Friday, September 13, 2013

How does eToro make money, and why does the company want traders to be profitable?

Due to the lack of commission involved in trades made with eToro and numerous benefits offered to users, you might be wondering how the company manages to stay in business. Here’s where the eToro policy of simplicity and transparency comes into play: eToro does not charge any commission whatsoever on trades. The only revenue eToro makes comes strictly from the spreads (meaning the difference between the “ask” and “bid” prices). Exceptionally low spreads are part of what makes eToro so special, and that’s another reason I have developed a system for this platform. By offering such low spreads, eToro strives to make traders happy and motivate them to continue using OpenBook. By inspiring a loyal community of traders to choose and stick with eToro, more trades will be made, which in turn makes eToro more profitable as a company.
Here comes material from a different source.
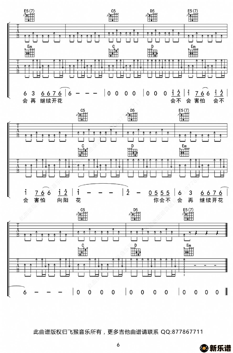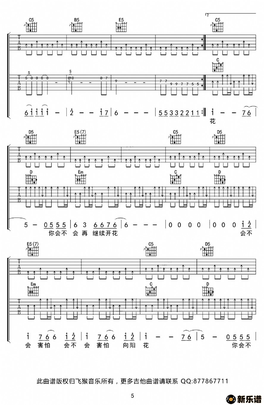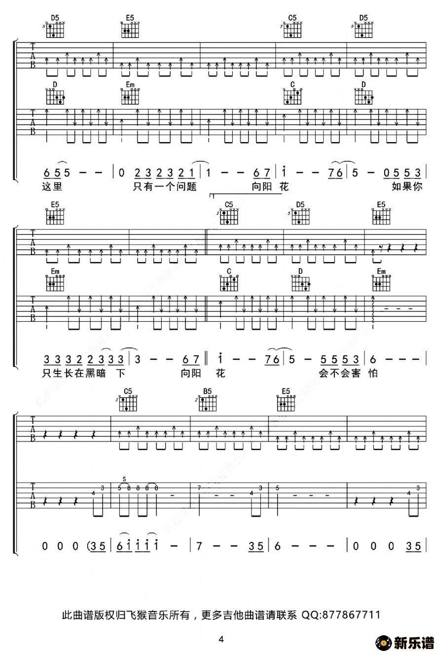> 向阳花吉他谱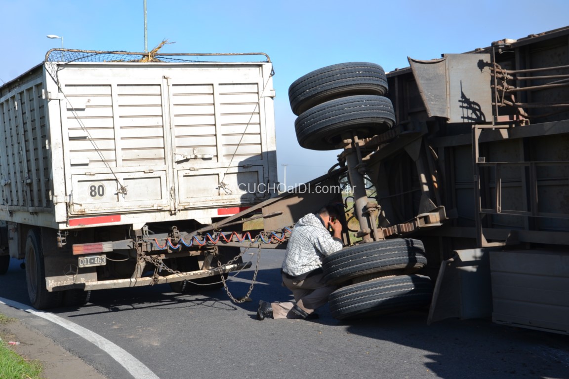Por lo que pudimos averiguar desde nuestro portal, el volumen de la carga hizo que el acoplado del camión procedente de Venado Tuerto se inclinara y terminara volcando sobre su lateral derecho, y dejando toda su carga sobre el asfalto.

So, you might ask, how does that affect eToro’s attitude toward its traders’ success? The company will make a profit regardless of how successful a trader may be, right? The answer is, as usual, simple: eToro wants traders to learn, grow, challenge themselves, have fun, and especially make a profit. Successful traders are happy traders, and happy traders continue trading – which comes back to the point that the more trades made, the more revenue eToro generates.


By helping traders be successful and become more and more profitable, eToro is in turn able to stay in business. To that end, eToro offers tools like CopyTrader in order to make it possible for more people to profit from online trading.